WHAT YOU HAVE TO DO -
Print out the full material below, exact in every line, with no images included.

DATA EXTRACT -
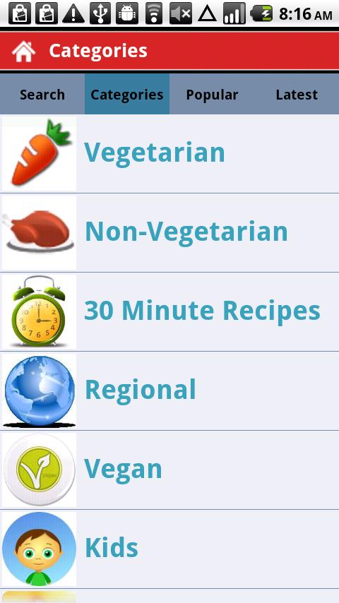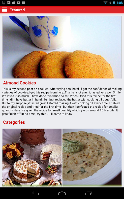 1. You can browse through all the Categories, Sub Categories and find recipes in each of them.
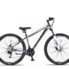 Kleur: Antraciet Wielmaat: 27,5” Framemaat: 46 Frame: Aluminium Versnelling: Shimano 21 speed Remmen: Hydraulische schijfrem Verlichting: Niet aanwezig Voorvork: Verende voorvork Stuurpen: Verstelbare stuurpen Velgen: Dubbelwandig aluminium Standaard: Zijstandaard
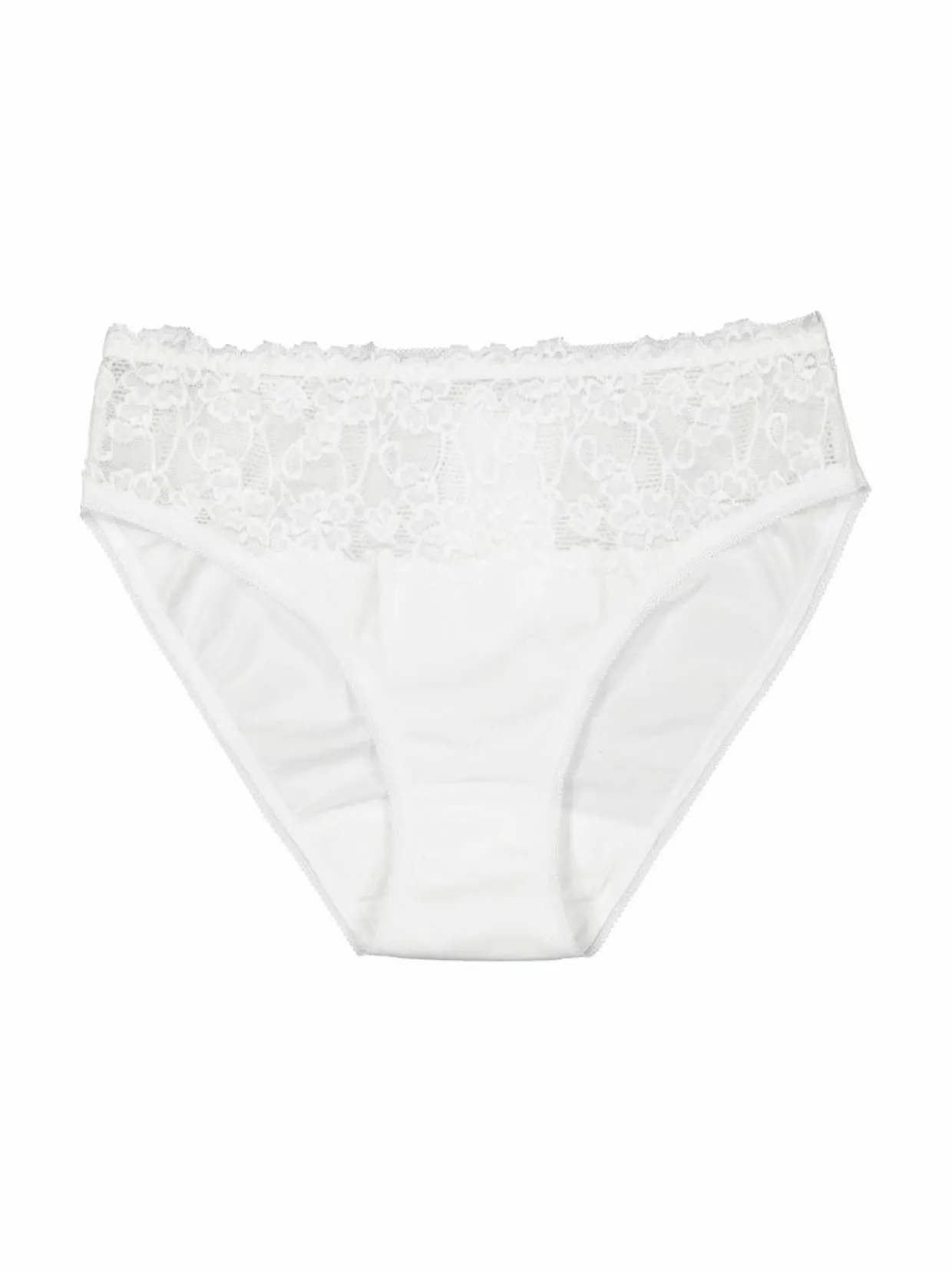 Tai-mallisissa alushousuissa on kaunista läpikuultavaa pitsiä somisteena etupuolella. Pehmeä materiaali on 92 % puuvillaa ja 5 % elastaania. Konepesu.

RESPONSE -
 1. You can browse through all the Categories, Sub Categories and find recipes in each of them.
 Kleur: Antraciet Wielmaat: 27,5” Framemaat: 46 Frame: Aluminium Versnelling: Shimano 21 speed Remmen: Hydraulische schijfrem Verlichting: Niet aanwezig Voorvork: Verende voorvork Stuurpen: Verstelbare stuurpen Velgen: Dubbelwandig aluminium Standaard: Zijstandaard
 Tai-mallisissa alushousuissa on kaunista läpikuultavaa pitsiä somisteena etupuolella. Pehmeä materiaali on 92 % puuvillaa ja 5 % elastaania. Konepesu.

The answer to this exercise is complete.